Efficient way of copying partial content from Vector?


This is strange but I can’t find better way of implementation Vector data partial copy than looping over items with specific offset and copying each one.

let data = vec![1, 2, 5, 44, 59, 67];
// I want to copy 3 items from "data" vector starting from 2nd position
let mut part = vec![0; 3];

for i in 1..4 {
    part[i] = data[i];

This is really not efficient
For example in C++ I would write something like this memcpy(part, &data[1], 3) and it will just copy memory, assuming that each element is just a 1 byte.
Is there any efficient way in Rust for doing something like this ?

use std::iter::FromIterator;
let data = vec![1, 2, 5, 44, 59, 67];
let part = Vec::from_iter(data[1..4].iter().cloned());

playground link

That should compile down to a memcpy in release mode, not guaranteed of course but rust is generally pretty good at inlining iterator related code and simplifying it down.

EDIT: Fixed code to actually copy instead of creating references.


There’s also copy_from_slice.


(Your loop has an indexing bug :slight_smile: )

There’s a method for that:


You can also use iterators:

for (dst, src) in part.iter_mut().zip(&data[1..4]) {
    *dst = *src;

It’s using iterators, but it’s guaranteed to be efficient. (And also is easy to refactor, eg. to do a +1 on each element).

If you’re copying to a new vector (not an arbitrary slice), just use collect (or from_iter, like @Nemo157 is suggesting:

let part: Vec<_> = data[1..4].iter().cloned().collect();

If you’re appending to a vector, you can also use the extend method:



Yikes!? Not sure what you mean here.


Great! Now got full picture about Slices and iterators.
Also from Vector documentation https://doc.rust-lang.org/std/vec/struct.Vec.html#method.from_raw_parts found some unsafe implementation

let mut base = vec![1, 2, 5, 44, 59, 67];
let p = base.as_mut_ptr();
unsafe {
   let partial = Vec::from_raw_parts(p, 3, 3);

But I’ll definitely wouldn’t use it if there is safe Rusty way :slight_smile:


@bluss We have this codegen test, which checks that such loops optimize to memcpy in release mode. So to be technically correct, we’re not guaranteeing it, but it would be really surprising for this code in test to compile correctly, while the same code somewhere else compiles differently. (edit: I’ve just noticed it was introduced in your PR :slight_smile: )

Your unsafe code is wrong on many levels:

  • Your p.offset(1) is no-op (it doesn’t modify the pointer), so you’re not offsetting at all.
  • You’re creating two vectors, which own the same part of memory.

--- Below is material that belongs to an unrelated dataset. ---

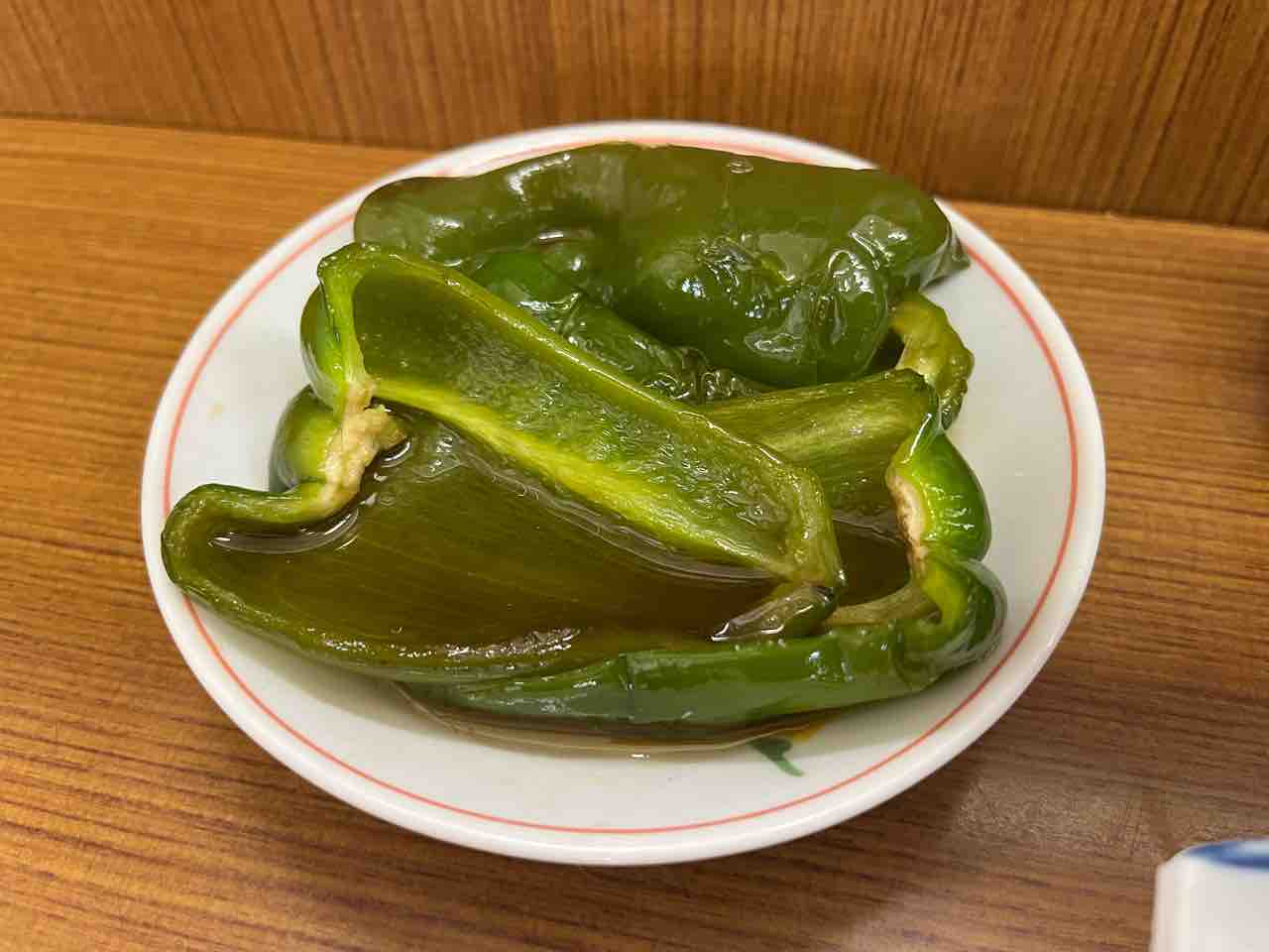 偏食少食の真ん中は「絶対ピーマンなんか食べられない!」なんて話をするもんだから、嫌がらせで「ここのピーマンは旨いぞ!」っと誂える。

This would lead to double-free on drop.
  • Moreover, you’ve aliased the mutable and immutable memory, which is illegal in Rust, so the writes to base may be visible partial, may be invisible, or compiler might think your code doesn’t make any sense and throw it all away or do something worse (as in case of any undefined behaviour).

If you indeed wanted the partial to use the same memory as base, you could’ve just done:

let partial = &base[1..4];


Thanks for explanation :+1:
And what about if I have already defined Vector and want to replace partial data there

let mut base = vec![0; 6];
let part1 = vec![2, 3, 4];
let part2 = vec![5, 6, 7];
// copy part1 to base with 0 offset and 3 length
// copy part2 to base with 3 offset and 3 length

In all provided examples we are actually making new vector from partial data, but what about writing actual partial data to existing Vector ?

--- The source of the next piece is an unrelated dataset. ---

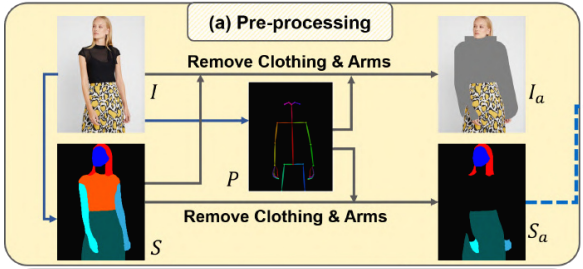 먼저 pretrained network를 통해 I의 segmentation map S ∈ L^(H×W)와 pose map P ∈ R^(3 × H×W)를 예측한다 (L은 의미 레이블을 나타내는 정수 집합이다 =segmentation 했다는 말). S는 교체할 의류 영역을 제거하고 이미지의 나머지 부분을 보존하는 데 사용된다. P는 손이 아닌 팔은 재생산이 어렵기 때문에, 팔을 제거하는 데 활용 된다. S와 P를 기반으로 모델이 원래 의류 정보를 완전히 제거하고 나머지 이미지를 보존할 수 있는 Ia와 Sa를 생성한다. 또한 생성 품질을 향상시키는 골격 구조를 나타내는 RGB 포즈맵 P에 Ia 또는 Sa를 연결한다.

Only the Vec::from_iter and collect create a new vector, the iter_mut().zip and copy_from_slice use the existing memory as the destination. (extend is different from both these cases, as it uses existing vector, but not its storage). So for example:

let mut base = vec![0; 6];

But I think in this particular case, extend would be nicer:

let mut base = part1.clone();

edit: Yet another solution to concatenate slices (this also creates a vector):

let base = [&part1[..], &part2[..]].concat();

(using bare part1 unfortunately consumes the vector, it would work if they were just slices)


Ok great :smile:! What I wanted to push in here was that yes, certain things are known to optimize well (we could be forced to remove that test due to changes in llvm, if we are unlucky, so it’s not guaranteed); but there are also misunderstandings regarding iterators sometimes. They are not silver bullets!

  • We have good iterators for slices and vectors; they are great low level data structures that describe contiguous data, the kind of data that is most efficient of all to process.
  • Iterator itself is a trait, it’s an abstraction that applies to all kinds of lazy sequences. The implementor is free to make every iterator step as expensive as they want, and it doesn’t lend itself to having every kind of traversal be efficient.